* [Task instructions]: Write out, word for word, every line in the data below from the one containing "One of the key" to the one containing "En tanto que", both of them included.

* [Dataset records]:

+++++

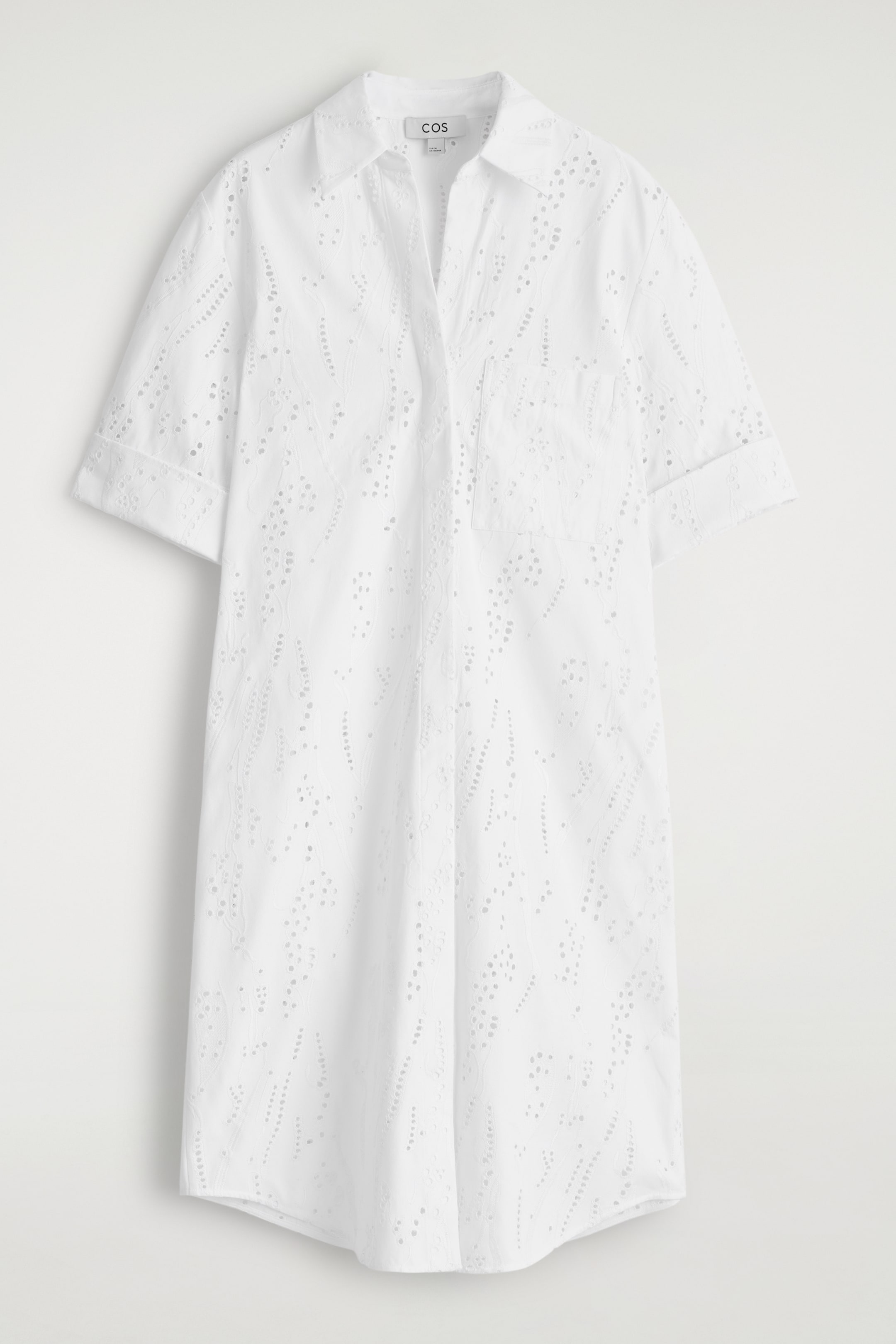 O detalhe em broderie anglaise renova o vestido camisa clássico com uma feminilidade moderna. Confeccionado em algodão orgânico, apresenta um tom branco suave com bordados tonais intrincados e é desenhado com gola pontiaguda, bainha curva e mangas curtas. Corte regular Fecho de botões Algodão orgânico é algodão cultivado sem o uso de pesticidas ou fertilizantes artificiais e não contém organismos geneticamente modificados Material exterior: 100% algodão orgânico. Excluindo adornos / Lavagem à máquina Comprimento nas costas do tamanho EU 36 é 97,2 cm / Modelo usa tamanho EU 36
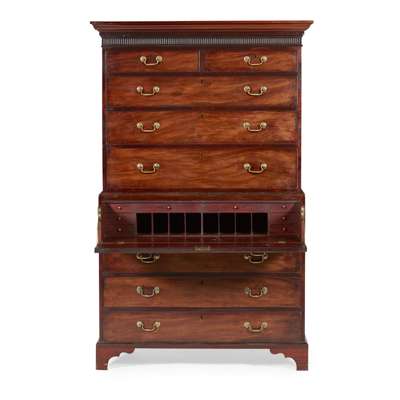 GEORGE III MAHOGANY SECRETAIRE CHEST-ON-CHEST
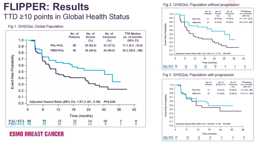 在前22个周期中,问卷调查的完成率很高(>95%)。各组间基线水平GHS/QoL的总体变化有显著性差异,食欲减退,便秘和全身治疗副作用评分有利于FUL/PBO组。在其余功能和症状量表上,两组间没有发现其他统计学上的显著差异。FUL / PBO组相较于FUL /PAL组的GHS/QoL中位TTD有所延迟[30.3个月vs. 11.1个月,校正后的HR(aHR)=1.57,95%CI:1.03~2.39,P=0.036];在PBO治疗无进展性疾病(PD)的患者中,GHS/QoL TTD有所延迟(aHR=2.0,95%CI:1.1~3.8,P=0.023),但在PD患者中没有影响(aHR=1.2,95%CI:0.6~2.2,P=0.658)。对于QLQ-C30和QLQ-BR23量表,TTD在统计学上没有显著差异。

+++++

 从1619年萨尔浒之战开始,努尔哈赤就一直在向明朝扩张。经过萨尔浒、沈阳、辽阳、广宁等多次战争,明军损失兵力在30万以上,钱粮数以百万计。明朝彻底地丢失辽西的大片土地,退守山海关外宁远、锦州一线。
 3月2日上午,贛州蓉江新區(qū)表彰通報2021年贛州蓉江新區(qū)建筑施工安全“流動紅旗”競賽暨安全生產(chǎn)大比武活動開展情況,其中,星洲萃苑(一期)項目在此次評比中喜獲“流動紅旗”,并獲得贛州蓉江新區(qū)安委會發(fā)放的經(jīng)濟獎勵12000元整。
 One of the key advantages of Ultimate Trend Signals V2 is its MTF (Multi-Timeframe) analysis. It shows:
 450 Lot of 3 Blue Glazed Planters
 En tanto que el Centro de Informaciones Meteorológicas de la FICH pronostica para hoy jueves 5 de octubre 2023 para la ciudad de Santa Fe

+++++

* [Solution for this problem]:
 One of the key advantages of Ultimate Trend Signals V2 is its MTF (Multi-Timeframe) analysis. It shows:
 450 Lot of 3 Blue Glazed Planters
 En tanto que el Centro de Informaciones Meteorológicas de la FICH pronostica para hoy jueves 5 de octubre 2023 para la ciudad de Santa Fe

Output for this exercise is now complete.